For example, the author considers a judicial execution for what is internationally considered as a capital crime like murder to not be democide. But a judicial execution for what is internationally considered as a trivial matter like making an anti-government joke is. Civilians caught in the crossfire during times of war are not considered democide, and neither are civilian deaths from bombs due to genuine mistakes in navigation. But civilian deaths due to indiscriminate bombings are classified as democide.

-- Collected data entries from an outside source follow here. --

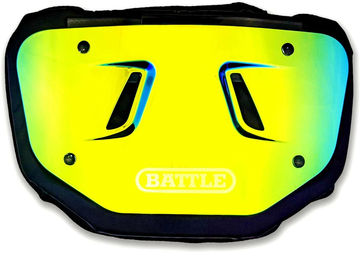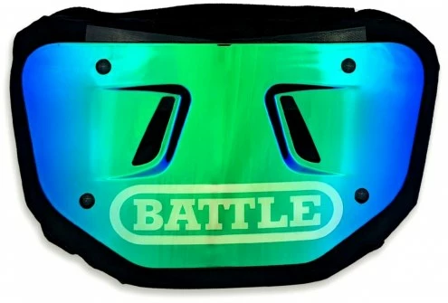 The Battle Sports Prism Adult Football Back Plate looks good from any angle. The iradescent coloring gives the backplate a great look and will show different colors in different light. Unlike standard back +plates, Battle’s version is curved, making it more comfortable and helping it disperse more energy. The reliable protection easily fastens to any shoulder pads with durable attachment straps.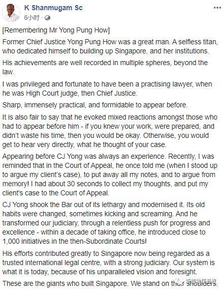 “他的努力为新加坡做出了巨大贡献,如今新加坡被视为一个值得信赖的国际法律中心,拥有强大的司法体系。我们的司法体制之所以能有今天的样子,归功于他的独特眼光与远见。”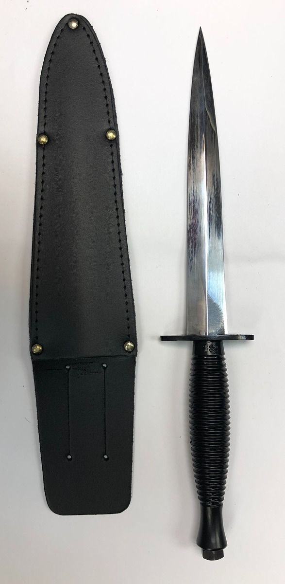 Genuine Fairbairn Sykes Commando Knife - Bright Carbon Steel Blade + Belt Sheath
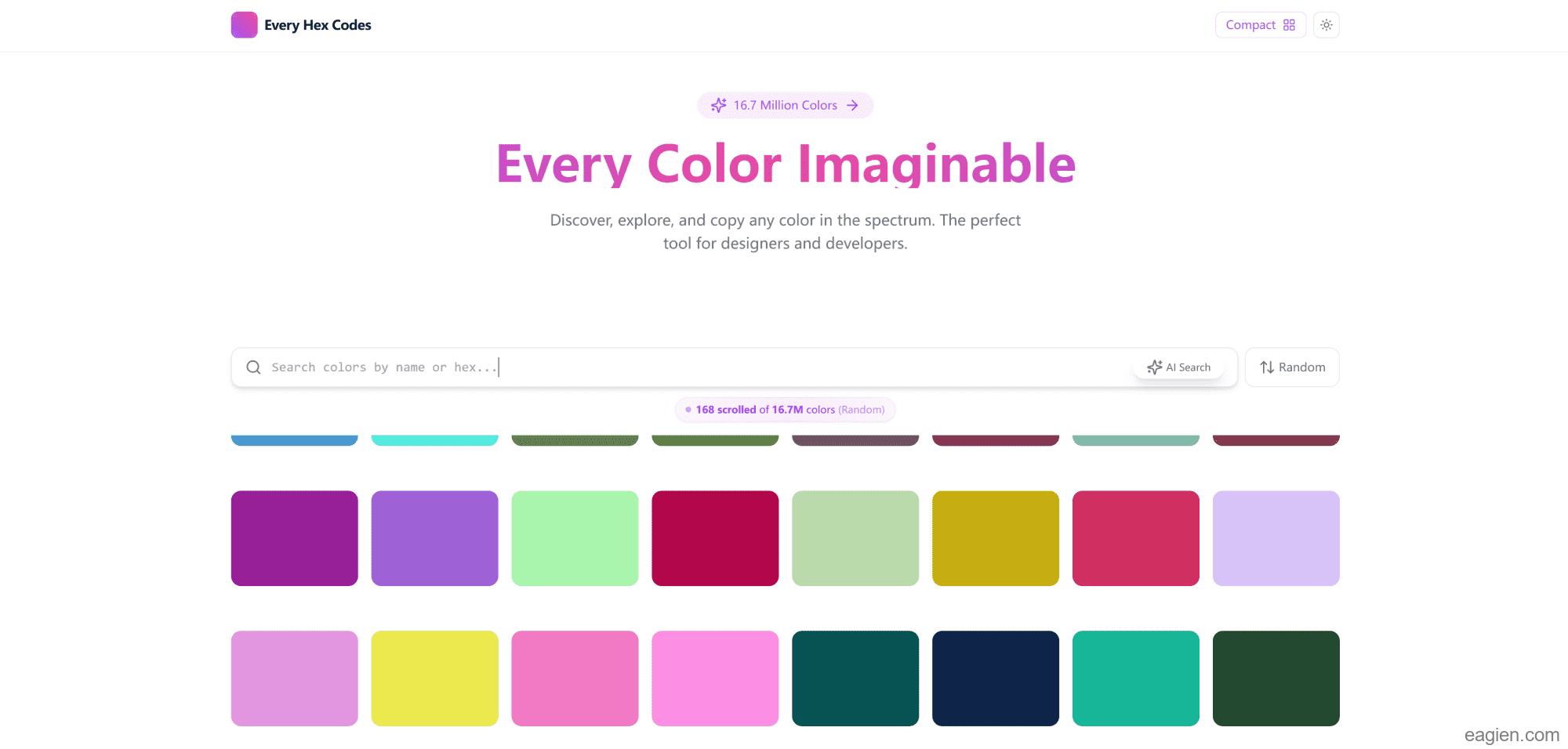 Every Hex Codes是一个专注于颜色展示的在线工具,它以独特的方式呈现了整个十六进制颜色空间中的所有颜色。网站采用了极简的设计理念,通过紧凑的布局展示了超过1670万种颜色,每个颜色块都清晰地标注了其对应的十六进制代码,让用户能够直观地浏览和选择。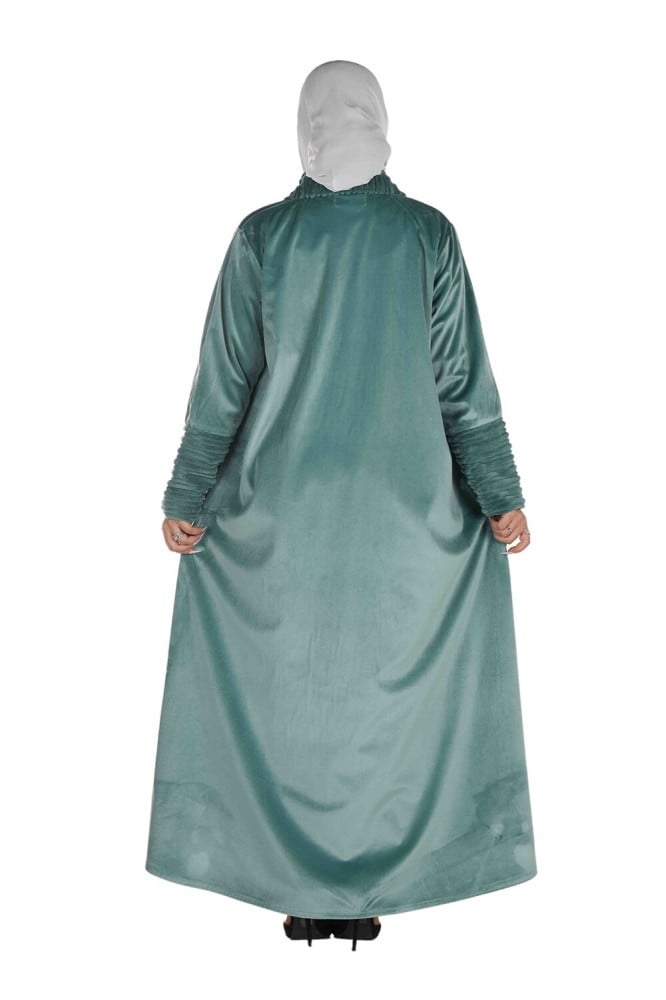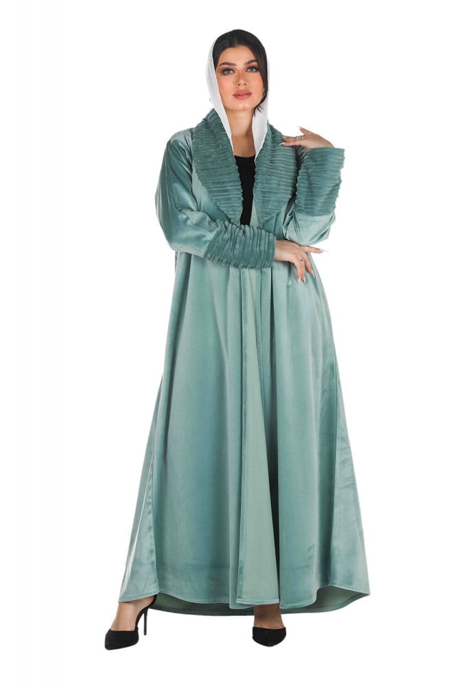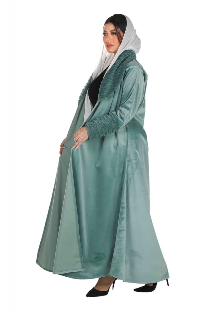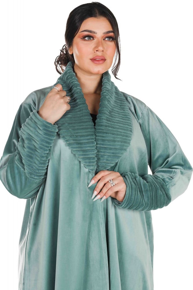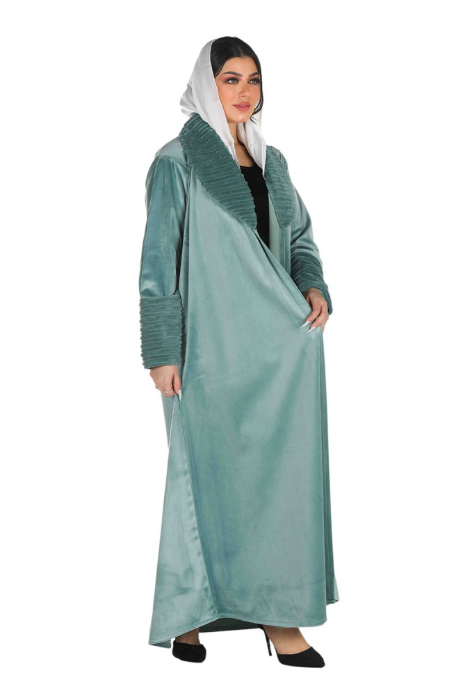 مواصفات عباية شتوية لف تركوازي من قماش مخمل تدخيله فرو في الكم

What is interesting is that these qualifications are not simple to put in writing and one may assume to encounter that same difficulty when reviewing each case. However, the author states:

I have found that in the vast majority of events and episodes, democide is unambiguous. … Sad to say, most cases of government killing in this century are that clear. The number of deaths will be hazy for many of these cases; the perpetrators and intent will not. [Emphasis original.]

In chapter 3, the author briefly discusses pre-20th-century democide which he estimates to be over 133,147,000 murdered. This is probably the weakest chapter because the history is more difficult to trace, but it is not the focus of this book. From chapter 4 onwards, each chapter paints a general picture of the democide committed by a particular government during the 20th century. He only covers the worse culprits. These chapters are listed below.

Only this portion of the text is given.